Interestingly enough there was quite a track made through the long grass and marsh weed, by photographers tracking in and out over the weekend. EE says, if she’d have known it might have been a good place to sell hot scones and tea!
Orion seemed all the more oblivious to it all, and went through an entire preening and resting program with two photographers at arms length —so to speak. Well not quite, but in its relaxed way we enjoyed vicariously its company.
Here is a small sample of the afternoon. And yes, I do feel better from the fresh air.
Not sure how you’re Greek mythology is, but Orion was a hunter who was going to kill all the wildlife. A bit miffed with his hubris, the gods took umbrage— they seeemed to do that a lot, over the least, and perhaps even looked for opportunities to be offended, but I digress.
In the end of the myth, well he gets bitten by a clever snake, and is consigned to turn for ever in the heavens, he at one end, and the snake at the other. When one lot of star pattern is visible at night, the other is below the horizon. One sets as the other rises. All very mystical.

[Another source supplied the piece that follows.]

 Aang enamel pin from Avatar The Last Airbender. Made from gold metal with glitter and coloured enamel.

There is a lot of the life/death, rebirth and restitution in the entire story, but that is probably enough for most average bird photographers to take in at one sitting.
After several sessions with the Black-shouldered Kite down on the 29 Mile Road, it dawned on me that Orion, the mighty hunter, would be a good, well, unisex name for our hero(ine).

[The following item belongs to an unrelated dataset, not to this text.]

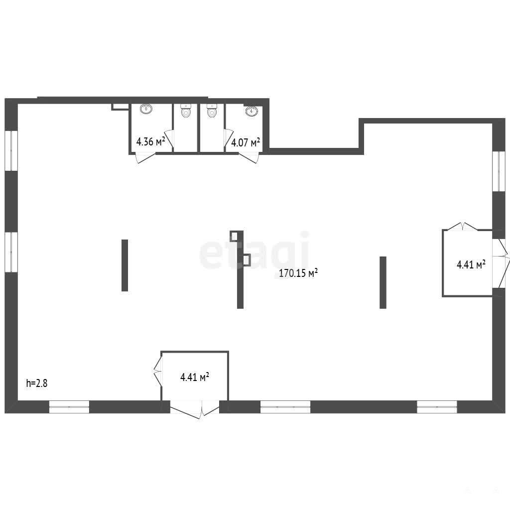 Помещение свободной планировки. Имеется 2 изолированных входа, с торца здания и с фасадной части. Отделка — предчистовая, выполнена стяжка пола, оштукатурены стены, заведены все коммуникации: электричество, отопление, водопровод, канализация. 2 раздельных санузла. Много света, т. к. в помещении 6 окон.

So we went down to see Orion, discuss the matter with him/her, and see what he/she thought.
Seemed to go pretty well, and just to confirm it all the bird dropped off the post, flew a few wingflaps, hovered, dived and returned with a mouse. One can almost here Mt Olympus turning.
Addendum: Just to be very clear. These birds are not baited, called in, or in anyway interfered with. We are simply recording the activities of a very relaxed and completely confident bird. We strive for connection and if a bird exhibits any ‘stress’, we leave it in peace. No photo is worth stressing the bird. Now you know!
No. I haven’t fallen off the planet. But my photo database had developed a slight case of computer measels and its taken me the best part of the last couple of weeks to manage it back to life.
It all started…. but, let’s not go there.
Still been making photos but.
Here is a sequence from a morning with a Black-shouldered Kite hunting alongside the roadway. For those who can navigate around the Western Treatment Plant this one is working along 29 Mile Road.
Interesting time at the WTP, the waders are all feeding and colouring up for their journey north to Siberia. And all the nesting birds are now in winter preparation.
Which means the Black-shouldered Kites among others have come down to keep the mouse population from exploding to epic proportions. And if this bird is anything to go by, then the mice are well and truly under control.
I’ve heard it said that on average the success rate for a hunting bird is one strike in about 10-15 attempts. This bird (I haven’t named it yet), obviously never read the fine print, and in the hour or so we shared, it hunted 4 times and took 3 mice.
It also seems quite content around us mere humans and has allowed both close approaches, and has made its own close approaches. Add to that some fine sunshine, a small breeze to give it some lift and what better way to while away a few hours in the morning.